No behavior change when the option is not set. Happy to iterate on naming, defaults, or structure if you'd prefer a different shape. No pressure at all to take this, I'm maintaining it on a fork either way.

Thanks again for the project.

CamSoper and others added 4 commits April 11, 2026 14:55
When enabled alongside expose_images, the LLM chooses which analyzed
frame best represents the event instead of the SSIM motion heuristic.
The SSIM approach often picks empty scenes after the subject has left;
the LLM can identify the frame with the most relevant content.

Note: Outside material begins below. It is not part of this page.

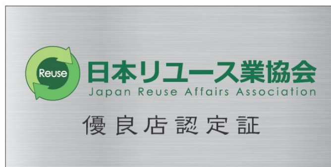
図表 7 優良店認定証（ステッカー）(JRAA)

参加した店舗からは店頭掲示することで、お客様に「安心感、信頼感」を持っていただくことが出来るとともに、従業員の意識向上にも繋がるといった意見が挙げられている。

- Add LLM_PICK_KEYFRAME constant and service parameter for
  video_analyzer and stream_analyzer
- Defer keyframe saving: stash candidate frames on MediaProcessor
  instead of immediately calling _expose_image()
- Inject best_frame instruction into LLM prompt and JSON schema
- Extract best_frame from structured or text responses with fallback
  to SSIM-based selection when LLM output is missing/invalid
- Add expose_keyframe_by_index() and expose_keyframe_ssim_fallback()
  methods to MediaProcessor
- Add comprehensive tests for extraction logic, prompt injection,
  schema injection, and MediaProcessor expose methods

https://claude.ai/code/session_01WfgiiUuVbBGFtvTn7wzpFg

Co-authored-by: Claude <noreply@anthropic.com>
* Add llm_pick_keyframe option for LLM-guided keyframe selection

When enabled alongside expose_images, the LLM chooses which analyzed
frame best represents the event instead of the SSIM motion heuristic.
The SSIM approach often picks empty scenes after the subject has left;
the LLM can identify the frame with the most relevant content.

- Add LLM_PICK_KEYFRAME constant and service parameter for
  video_analyzer and stream_analyzer
- Defer keyframe saving: stash candidate frames on MediaProcessor
  instead of immediately calling _expose_image()
- Inject best_frame instruction into LLM prompt and JSON schema
- Extract best_frame from structured or text responses with fallback
  to SSIM-based selection when LLM output is missing/invalid
- Add expose_keyframe_by_index() and expose_keyframe_ssim_fallback()
  methods to MediaProcessor
- Add comprehensive tests for extraction logic, prompt injection,
  schema injection, and MediaProcessor expose methods

https://claude.ai/code/session_01WfgiiUuVbBGFtvTn7wzpFg

* Strip best_frame from LLM response to prevent it showing in descriptions

The LLM includes best_frame in its text response which was leaking into
the user-visible timeline description. Now _extract_best_frame() removes
best_frame from both structured_response dicts and response_text before
returning. Updated tests to verify stripping behavior.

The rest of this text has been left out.